LOS BAÑOS, Laguna — An international biotechnology
company is set to establish a $10-million grant to accelerate
breakthrough public sector research in rice and wheat yield.
Monsanto Co. announced a three-point commitment to help
increase global food production in the face of growing demand,
limited natural resources, and a changing climate.
The global firm pledged to work in new partnership with
governments, businesses, and citizen groups to meet one of
the greatest challenges of the 21st century.

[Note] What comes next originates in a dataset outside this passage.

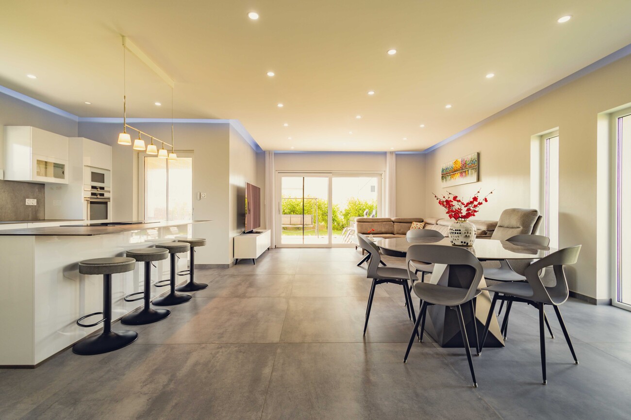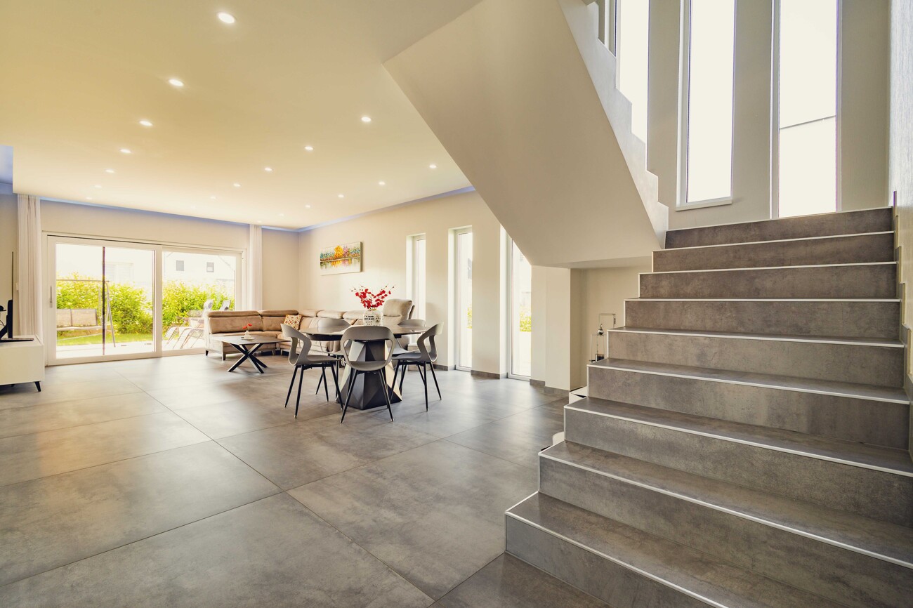 Der großzügige, helle Wohn- und Essbereich bildet das Herzstück des Hauses. Die offen gestaltete Küche mit Kochinsel ist hochwertig ausgestattet und fügt sich harmonisch in das Gesamtkonzept ein. Elektrische Fußbodenheizung sorgt im gesamten Haus für angenehme Wärme, während dimmbare LED-Spots eine stimmungsvolle Lichtatmosphäre schaffen. Eine integrierte Trinkwasser-Aufbereitungsanlage trägt zur hohen Lebensqualität bei.

“Agriculture intersects the toughest challenge we
all face on the planet,” Hugh Grand, Monsanto chairman,
president and chief executive officer, stressed as he announced
the research grant and commitment to help address the needs
of the global population, which is expected to reach nine
billion people by 2050.
Grant added: “Together, we must meet the needs for
increased food, fiber, and energy while protecting the environment.
In short, the world needs to produce more while conserving
more.”
A copy of a report on the three-point commitment and research
grant was furnished The STAR by Dr. Victor V. Alpuerto, Commercial
Acceptance director of Monsanto, during a “Media Workshop
and Study Visit on Biotechnology and Biodiversity” held
here recently.
The workshop was organized and supported by the International
Service for the Acquisition of Agri-biotech Applications
(ISAAA), Philippine Council for Agriculture, Forestry and
Natural Resources Research and Development (PCARRD), Southeast
Asian Regional Center for Graduate Study and Research in
Agriculture-Biotechnology Information Service (SEARCA-BIC),
and University of the Philippines Los Baños (UPLB)
(sic).
Monsanto’s three-point commitment to growing yields
sustainably covers the following:
• Develop better seeds. The company will double yield
in its three core crops of corn, soybean, and cotton by 2030,
compare to a base year of 2000.
To backstop this thrust is a $10-million grant designed
to accelerate breakthrough public sector research in wheat
and rice yield.
The five-year grant for rice and wheat research will be
administered by a panel of world experts in food production
in developing countries. The chairperson of the panel will
be named in the near future.
A panel of independent judges will select one project per
year to receive a $2-million grant. Further details on the
program will be developed and announced in the coming months.
• Conserve resources. Monsanto will develop seeds
that will reduce by one-third the amount of key resources
required to grow crops by 2000. It will also join with others
to address habitat loss and water quality in agriculturally
important areas.
• Help improve farmers’ lives.
“We are undertaking this initiative after engaging
many of our farmer-customers, policymakers, scientists, nongovernment
organizations (NGOs), and experts in academic and industry.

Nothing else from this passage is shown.